A collection of design patterns for the Langroid multi-agent framework, covering agent configuration, tool handling, task orchestration, and external integrations.

Introduction

This skill provides a structured index of essential design patterns for developers building LLM-powered applications using the Langroid framework. Langroid, a multi-agent programming framework, emphasizes modularity and developer experience. These patterns serve as a blueprint for implementing complex agent behaviors, robust task control, and seamless integrations, ensuring that multi-agent systems are scalable and maintainable. Whether you are building autonomous research agents, structured data extractors, or interactive collaborative bots, these patterns offer practical, code-backed solutions for common engineering challenges.

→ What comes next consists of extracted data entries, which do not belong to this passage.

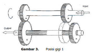 Roda gigi pada poros input yaitu berasal dari kopling, dipasang mati. Sedangkan roda gigi yang dipasang pada poros output dipasang geser/sliding. Roda gigi yang digunakan untuk model ini tentunya jenis spur. Perhatikan pada gambar 5 berikut ini.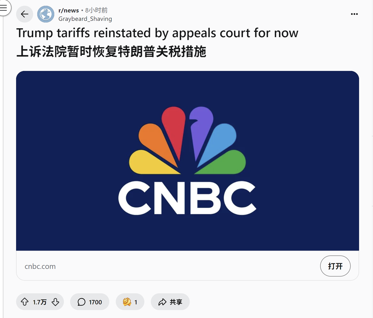 《外网reddit热评》上诉法院暂时恢复特朗普关税措施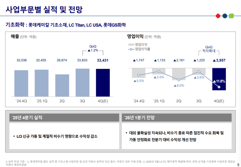 • LCI 신규 가동 및 계절적 비수기 영향으로 전분기 대비 수익성 감소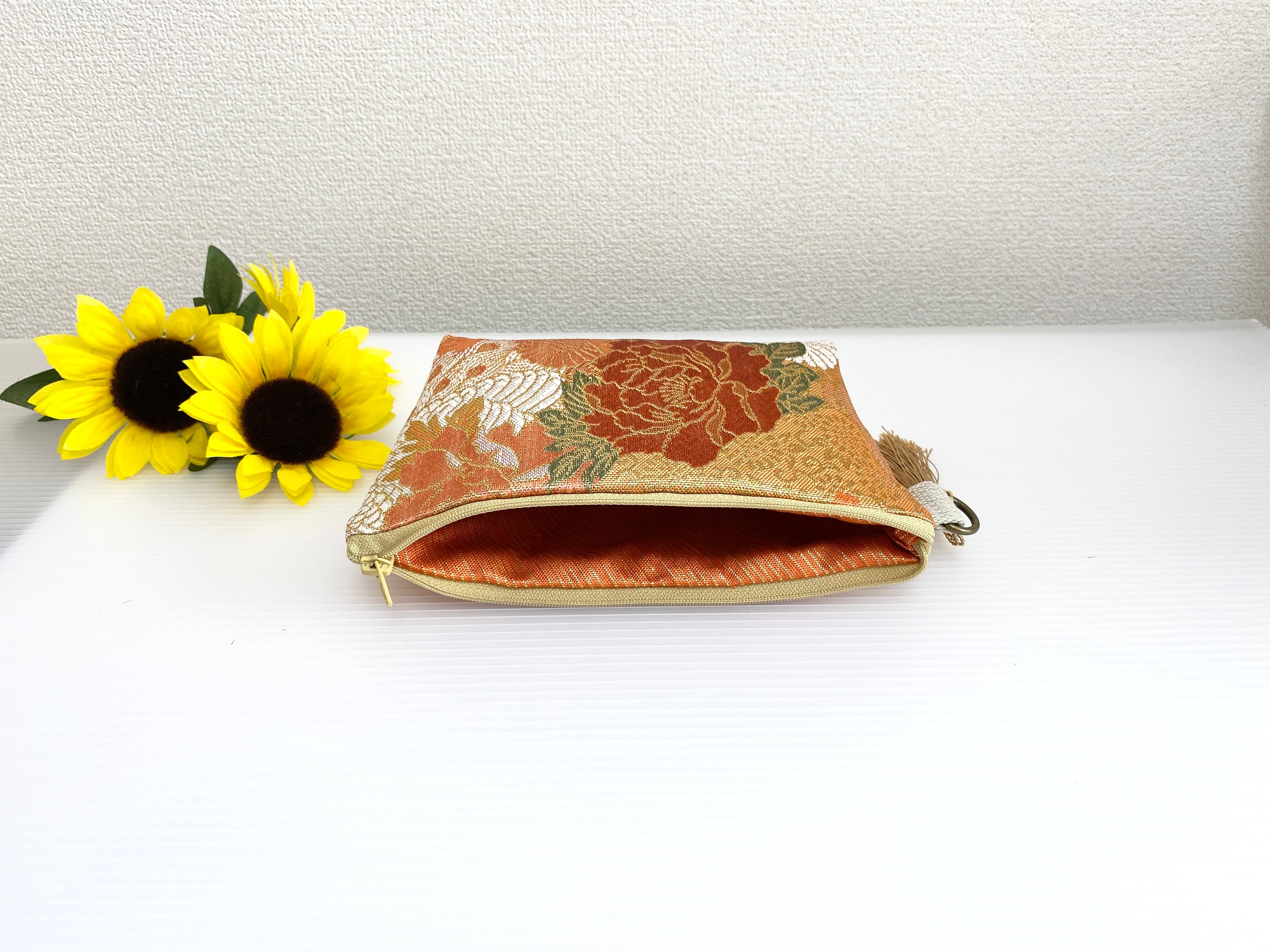 日本の古帯をリメイクして作製したポーチでハンドメイド品です。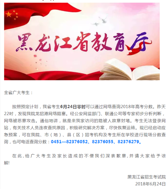 按照预定计划,我省考生6月24日零时可以通过网络查询2018年高考分数。昨天22时,发现我院龙招港网络阻塞。经公安网监部门、联通公司等专家初步分析判断,网络被恶意攻击。通俗地讲,就是来我家访问的路被人故意封堵。考生无法登录网站,有关技术人员连夜查找原因,积极研究解决方案,尽快恢复运转。现已经启动应急预案,可在我院、市(地)、县(区)招考机构及考生所在学校进行现场分数查询,也可电话查询分数:0451—82376052、82376055、82376279。

  • Stateful tool handling allowing agents to maintain context across multiple turns and retries.

  • Advanced task control using specific termination sequences and batch processing for parallel workflows.

  • Integration capabilities with the Model Context Protocol (MCP) to leverage external tools like Claude Code.

  • Validation mechanisms to ensure tool outputs comply with agent states and logical requirements.

  • Infrastructure for 'Quiet Mode' execution, enabling clean CLI output during complex multi-step processes.

  • Standardized patterns for wrapping tasks to return structured tool messages directly to the LLM.

  • Utilize these patterns when designing agents that require persistent state or complex error-correction loops.

  • Implement task-specific termination sequences (e.g., using T[ToolName]) to prevent unnecessary LLM calls once a goal is reached.

  • For batch operations, use run_batch_tasks() to handle multiple inputs concurrently, ensuring state isolation via cloned agent instances.

  • Use the provided MCP tool adapter to connect agents to external servers via stdio, effectively extending agent capabilities without custom boilerplate.

  • When building RAG or information extraction systems, apply the validation-with-state pattern to cross-reference tool outputs against the original input context.

  • Always refer to the associated reference documentation files for complete, runnable code examples that demonstrate these patterns in production-ready contexts.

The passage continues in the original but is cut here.